Das mochte vor über 100 Jahren auch den holländischen Dirigenten Willem Mengelberg fasziniert haben, der hier viele Jahre lebte. Inzwischen sind der Hof Zuort, die dazugehörende Villa, das Drachenhaus und die kleine Kapelle im Besitz von Peter Berry, Nachkomme einer St. Moritzer Ärztedynastie. «Zuort ist wie eine Zeitinsel», schwärmt er. Wie wahr.

Nur der wandernde Vollmond zeigt uns an, dass die Stunden vergehen. Er wolle hier einen Gegenpol zum «Disneyland Engadin» schaffen. Das Interieur des Hotels ist wo immer möglich im Urzustand belassen, auch die daneben liegende Villa, die Mengelberg bewohnte. Ritterrüstungen, alte Fotoalben, seine Büchersammlung und das Bett sind noch so, als wäre Herr Mengelberg eben erst zur Tür hinausspaziert.

Als privates Experimentierlabor bezeichnet Peter Berry sein Hotel. Akrobat, Nerz und Galante, die drei Haflingerpferde, seien sozusagen der biologische Motor seines Investments. «Weil sie täglich gefüttert werden müssen, ist das Hotel auch 365 Tage im Jahr geöffnet», erklärt der Arzt. Und im Winter dienen die drei auch schon mal als umweltfreundliche Skilifte.

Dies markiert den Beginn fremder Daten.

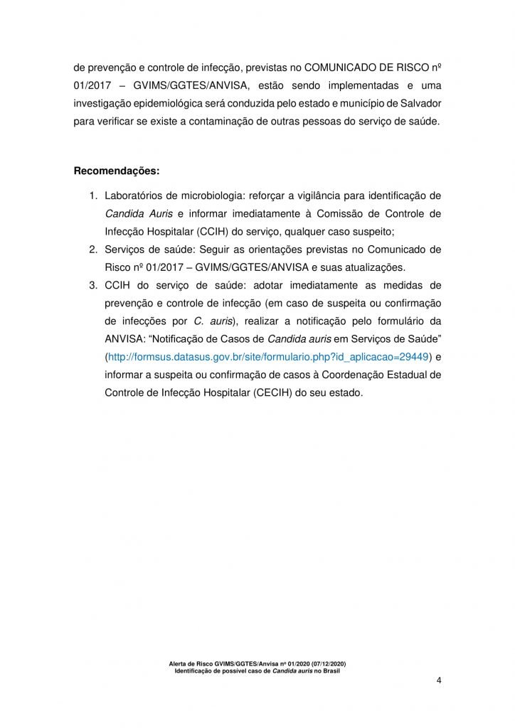 A Anvisa ainda recomendou aos serviços de saúde, para seguir as orientações previstas no Comunicado de Risco nº 01/2017 – GVIMS/GGTES/Anvisa e suas atualizações e ao CCIH do serviço de saúde, para adotar imediatamente as medidas de prevenção e controle de infecção (em caso de suspeita ou confirmação de infecções por C. auris), realizar a notificação pelo formulário da Anvisa: “Notificação de Casos de Candida auris em Serviços de Saúde” e informar a suspeita ou confirmação de casos à Coordenação Estadual de Controle de Infecção Hospitalar (CECIH) do seu estado.

Es ist nicht ganz zufällig, dass sowohl Peter Berry vom Hof Zuort wie auch Ludovic Orts und Benoît Greindl von der Montagne Alternative Quereinsteiger sind. Sie befinden sich in der zweiten Lebenshälfte, haben zuvor genug Geld verdient, um sich den Luxus eines Hotels leisten zu können. Und vor allem: Sie schätzen selbst die Ruhe und Abgeschiedenheit und freuen sich, diesen Luxus anderen Menschen anbieten zu können. Wir sind in Commeire denn auch nicht die Einzigen, die für ein Wochenende dem Alltag den Rücken kehren.

Zu guter Letzt landen wir bei Danièle. Die Rentnerin hat sich in Commeire ebenfalls einen Traum erfüllt und eine kleine Alimentation eröffnet. Sie verkauft alles, was man für eine Auszeit braucht: frischen Zopf, Honig oder ein Fondue. Die neugewonnene Einsamkeit wird so genussvoll abgerundet.

Montagne Alternative, Commeire VS, www.montagne-alternative.com, DZ ab Fr. 250.–; Hof Zuort, Ramosch GR, www.zuort.ch, DZ ab Fr. 230.–.